I think its discussion provides more insight when used as a Rorschach test for participants rather than resolving the ultimate nature of reality.
Funnily enough, have just been having a productive e-mail discussion with a biblical scholar on our slightly different understandings of the same biblical passages on the theology of nature. Both seem to be compatible if one steps back from “classical” views of reality, and one needs either, or both together, to take the passages seriously.
In other words, 'tain’t just free will that requires grappling with such things (or alternatively simple faith in the tension between them), but the whole project of understanding science in relation to Christian faith.
Evidence is a mirror. Not just on this, but most any question.
My Rorschach reading of early Genesis has the universe as originally created a place of darkness and chaos. It is a place where God’s will does not have to be done, and indeed is unknown. Only after His Word entered it was it illuminated and set on the right path.
Nature is still not a place where His will is done, unless His Word enters it.

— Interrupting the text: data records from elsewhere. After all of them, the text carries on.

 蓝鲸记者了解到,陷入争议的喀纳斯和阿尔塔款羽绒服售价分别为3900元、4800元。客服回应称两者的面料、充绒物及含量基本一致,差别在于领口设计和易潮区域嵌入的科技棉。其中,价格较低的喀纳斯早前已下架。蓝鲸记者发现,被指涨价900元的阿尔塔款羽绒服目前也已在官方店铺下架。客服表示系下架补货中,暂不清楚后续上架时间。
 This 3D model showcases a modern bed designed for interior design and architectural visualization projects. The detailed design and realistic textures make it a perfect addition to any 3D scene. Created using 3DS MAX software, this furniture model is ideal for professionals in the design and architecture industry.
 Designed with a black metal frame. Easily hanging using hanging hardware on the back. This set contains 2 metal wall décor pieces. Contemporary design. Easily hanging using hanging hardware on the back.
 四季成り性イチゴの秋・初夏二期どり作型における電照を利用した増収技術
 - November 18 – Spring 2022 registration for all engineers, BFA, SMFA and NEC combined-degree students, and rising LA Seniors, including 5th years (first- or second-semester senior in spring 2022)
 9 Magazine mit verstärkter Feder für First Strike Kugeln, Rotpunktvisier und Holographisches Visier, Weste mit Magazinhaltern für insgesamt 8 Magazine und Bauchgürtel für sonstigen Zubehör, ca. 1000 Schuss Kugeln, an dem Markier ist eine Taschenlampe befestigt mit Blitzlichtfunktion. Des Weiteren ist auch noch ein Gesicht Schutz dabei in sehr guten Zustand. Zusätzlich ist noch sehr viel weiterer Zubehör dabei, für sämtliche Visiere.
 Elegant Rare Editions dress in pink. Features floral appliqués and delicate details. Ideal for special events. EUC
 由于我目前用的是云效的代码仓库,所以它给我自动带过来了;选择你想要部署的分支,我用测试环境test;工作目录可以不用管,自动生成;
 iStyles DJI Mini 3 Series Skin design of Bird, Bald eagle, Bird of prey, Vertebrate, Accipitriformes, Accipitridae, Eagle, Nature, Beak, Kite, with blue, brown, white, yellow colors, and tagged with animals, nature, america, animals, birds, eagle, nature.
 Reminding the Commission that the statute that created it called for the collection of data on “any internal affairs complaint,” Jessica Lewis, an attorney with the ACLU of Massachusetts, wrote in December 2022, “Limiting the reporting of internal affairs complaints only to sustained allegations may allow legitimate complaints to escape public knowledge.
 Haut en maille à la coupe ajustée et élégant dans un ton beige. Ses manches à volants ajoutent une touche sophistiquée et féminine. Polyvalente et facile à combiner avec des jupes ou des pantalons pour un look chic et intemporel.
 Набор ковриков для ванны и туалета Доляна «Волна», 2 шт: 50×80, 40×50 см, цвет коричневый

There is a big difference between providence and theological determinism. On the latter view, everything that happens in our universe (including our choices and the choices of the fallen angels) is determined by God. There are only a few million Christians who uphold such a view, nowadays: on the Protestant side, rigorist Calvinists who continue to uphold the doctrine of double predestination, and on the Catholic side, Bannezians (who are very thin on the ground indeed - most Catholics have never heard of them). As far as I’m aware, none of the Orthodox uphold theological determinism. Thus I would say that most YECs are likely to be theological indeterminists.
The following articles seem to bear out my claim:
Is Free Will an Illusion? (AIG). And from what I can gather, Jonathan Sarfati is a believer in free will as well. Do you know of any evidence to the contrary?
Dan Barker just published a book on free will that is very well thought out
The way you describe it, it sounds like we are all in agreement.
Only a few million? That’s interesting to know. Where can I go to read about that?
If I may add something to this thread, though @vjtorley already touched on this briefly, I think the categories in the chart there are a little confused. The upper right corner is contradictory. If theological determinism is true, libertarian free will cannot be true (at least for creatures). At most you could say that compatibilistic free will can be true. (Unless, like many proponents of libertarian free will, you think that compatibilistic free will is an oxymoron.)
Theological determinism (where God unilaterally determines everything that happens) has to be distinguished from divine providence (where God chooses which world to actualize, but may take creaturely free choices or indeterministic events into account) for those such as Molinists or Open Theists who don’t believe in determinism.
Does someone have a link to this chart?